Report every line of the records below that contains the word "with".

Segment Open

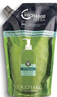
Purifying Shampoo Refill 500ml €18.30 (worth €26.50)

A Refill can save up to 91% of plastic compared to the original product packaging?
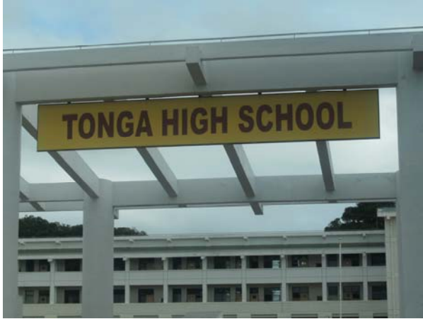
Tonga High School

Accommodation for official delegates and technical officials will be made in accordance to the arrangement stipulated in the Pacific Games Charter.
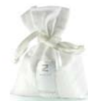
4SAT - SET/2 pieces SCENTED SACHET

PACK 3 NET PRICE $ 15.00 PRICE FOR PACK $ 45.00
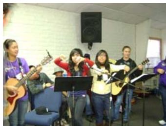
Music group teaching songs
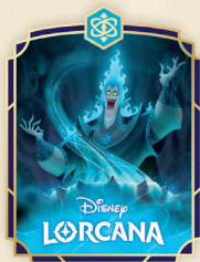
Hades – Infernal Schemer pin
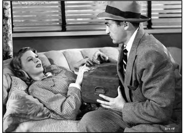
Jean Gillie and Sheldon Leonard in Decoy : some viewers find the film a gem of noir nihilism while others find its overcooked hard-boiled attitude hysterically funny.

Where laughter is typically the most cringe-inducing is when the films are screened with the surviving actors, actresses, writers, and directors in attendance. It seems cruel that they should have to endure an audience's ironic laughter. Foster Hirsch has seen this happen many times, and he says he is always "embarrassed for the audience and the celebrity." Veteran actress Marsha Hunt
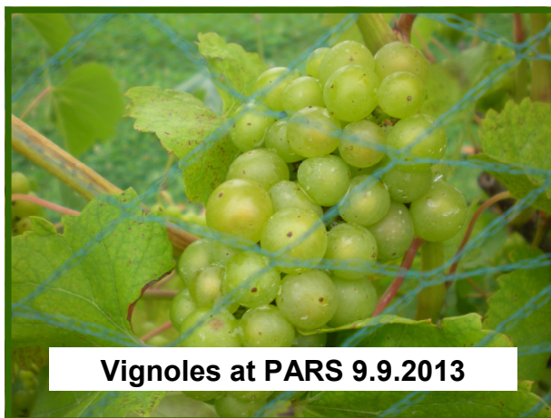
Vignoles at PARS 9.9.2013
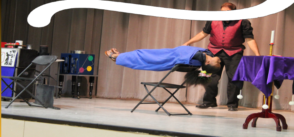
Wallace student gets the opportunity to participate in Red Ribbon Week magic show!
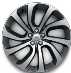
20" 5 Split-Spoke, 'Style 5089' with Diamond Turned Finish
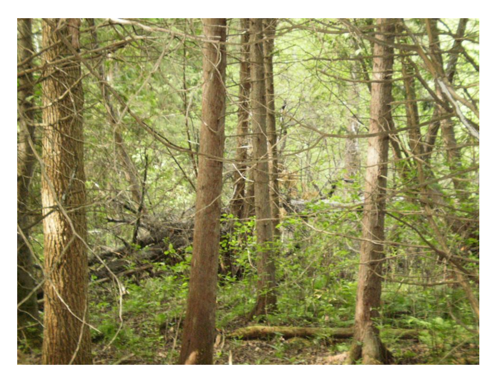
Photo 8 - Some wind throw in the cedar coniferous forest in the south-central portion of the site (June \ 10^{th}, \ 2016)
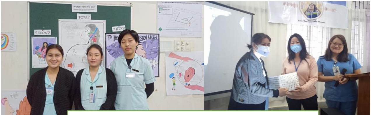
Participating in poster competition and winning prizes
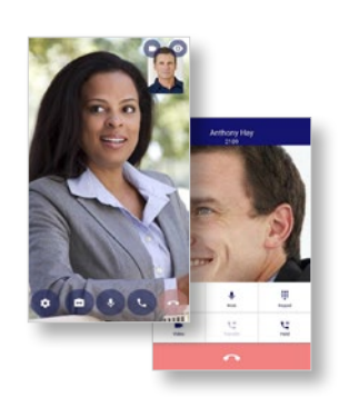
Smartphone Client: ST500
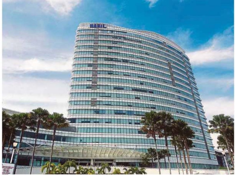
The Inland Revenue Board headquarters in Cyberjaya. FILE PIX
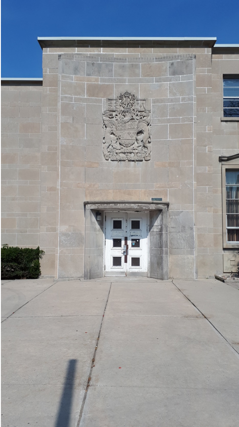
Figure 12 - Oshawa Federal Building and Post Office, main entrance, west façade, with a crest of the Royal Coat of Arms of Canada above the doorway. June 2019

Segment Closed

> Finished exercise
Where laughter is typically the most cringe-inducing is when the films are screened with the surviving actors, actresses, writers, and directors in attendance. It seems cruel that they should have to endure an audience's ironic laughter. Foster Hirsch has seen this happen many times, and he says he is always "embarrassed for the audience and the celebrity." Veteran actress Marsha Hunt
20" 5 Split-Spoke, 'Style 5089' with Diamond Turned Finish
Figure 12 - Oshawa Federal Building and Post Office, main entrance, west façade, with a crest of the Royal Coat of Arms of Canada above the doorway. June 2019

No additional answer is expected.